To get the perfect crumb to your coffee pistachio cake, cream the margarine and sugar on high until light and pale, approximately 3 minutes. It is imperative that you gently fold in the remaining ingredients to ensure you don’t remove all the air you have just whipped into the cake.
I’m a coffee fiend so I often enjoy this cake alongside an espresso for that extra dose of coffee. Best consumed early in the morning to get that caffeine hit all day long; plus it’s another excuse to eat cake for breakfast.
Leave a comment and let me know how you get on making this coffee pistachio cake. I’d love to see your creations over on instagram!
More bakes and sweet treats
Coffee pistachio cake
Equipment
- Food processor
- Electric whisk
Ingredients
For the sponge
- 150 mls unsweetened oat milk
- 1 tsp lemon juice
- 90 g caster sugar
- 90 g light muscovado sugar
- 80 g margarine
- 180 g plain flour
- Generous pinch of cinnamon
- Pinch of nutmeg
- 2 tsp baking powder
- 1/2 tsp baking soda
- 2.5 tbsp instant coffee dissolved in 1tbsp hot water
For the buttercream
- 75 g vegetable shortening room temperature
- 75 g margarine room temperature
- 215 g icing sugar
- 100 g pistachios
- 1 tsp vanilla
- 1.5 tbsp oat milk
- 1/4 tsp salt
For the coffee glaze
- 1/2 tbsp coffee
- 1/2 tbsp water
- 75 g caster sugar
- 10 g margarine
- 1 tbsp oat milk
- 50 g chopped toasted pistachios to decorate
Instructions
- Lightly grease and line 2 x 18.5cm / 7.25" sandwich tins. Pre heat the oven to 180/ 160 fan / gas 4.
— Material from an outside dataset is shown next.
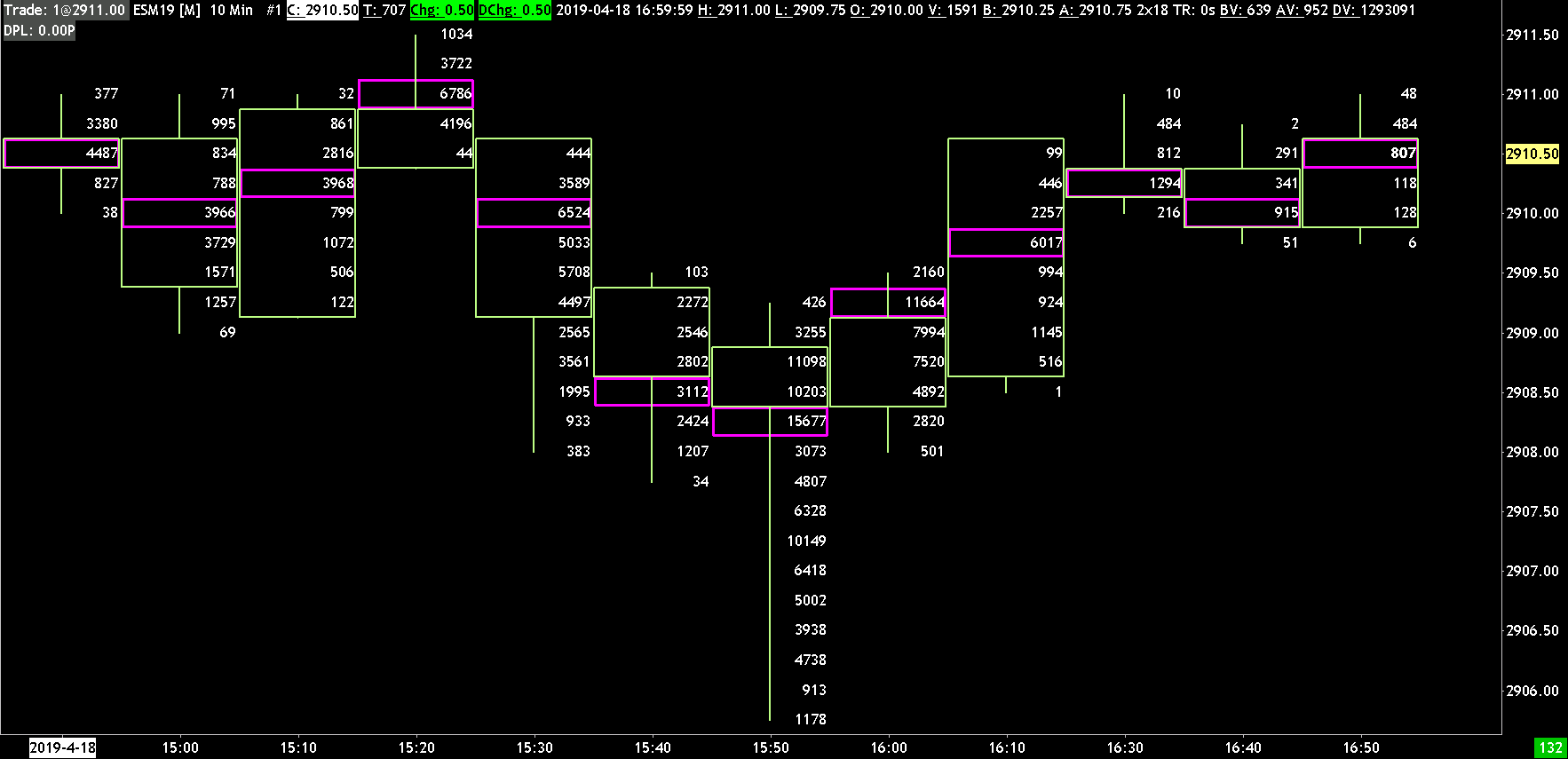 Does sierra chart's included default data feed provide S&P 500 Tick alongside standard NYSE tick? If no, which data feed should i use? Sierra Chart Market Statistics Can i plot point & figure charts (example-9 tick reversal) in bar chart (OHLC) format ? Do such format give ghost highs & lows on each new PnF bar chart? Yes this is fully supported. The high and low values are accurate.On service package 5, can i plot footprint chart as candlestick with each candlestick's high volume node only as just a dot inside that candlestick chart? http://www.sierrachart.com/image.php?Image=1555742780727.png The violet rectangle is the point of control. Do you provide for e.g-90 days composite profile ? Volume By Price Study Sierra Chart Support - Engineering Level Your definitive source for support. Other responses are from users. Try to keep your questions brief and to the point. Be aware of support policy: https://www.sierrachart.com/index.php?l=PostingInformation.php#GeneralInformation For the most reliable, advanced, and zero cost futures order routing, *change* to the Teton service: Sierra Chart Teton Futures Order Routing Date Time Of Last Edit: 2019-04-20 06:47:24

- Make the buttermilk by whisking the lemon into the oat milk, then set aside.
- Sift the sugar to remove any large clumps. Use an electric whisk on high to cream the margarine and sugar until light and pale and fluffy, approximately 3 minutes.
- Mix in the buttermilk. Then gently fold in the sifted flour, nutmeg, cinnamon, baking powder and bicarbonate of soda. Finally fold in the dissolved coffee.
- Divide the cake mixture between the 2 tins. Bake for 25 minutes on the middle shelf.
- Remove from the oven and cool for 5 minutes in the tin. Carefully turn the sponges out onto a wire rack and allow to cool completely.
- To make the coffee glaze, add the coffee, water and sugar to a saucepan and bring to a boil. While the syrup is vigorously bubbling, continuously stir for 2 minutes. Turn off the heat and stir in the margarine and oat milk. Pour into a heat proof bowl and leave to cool.
- To make the buttercream, in a mixing bowl use an electric whisk to cream the vegetable shortening and margarine. Sift in the icing sugar in thirds, mixing well between each addition. Mix in the vanilla, oat milk and salt. Blend 100g pistachios in a coffee grinder or food processor until fine, then stir into the buttercream.
- Lightly toast the remaining whole pistachios by adding to a pan over a moderate heat. Toast for 3-4 minutes and lightly browned. To assemble the cake, spread half the buttercream over one sponge and gently place the second on top. Spread over the remaining buttercream and drizzle over the coffee glaze. Finish by decorating the cake with the toasted pistachios.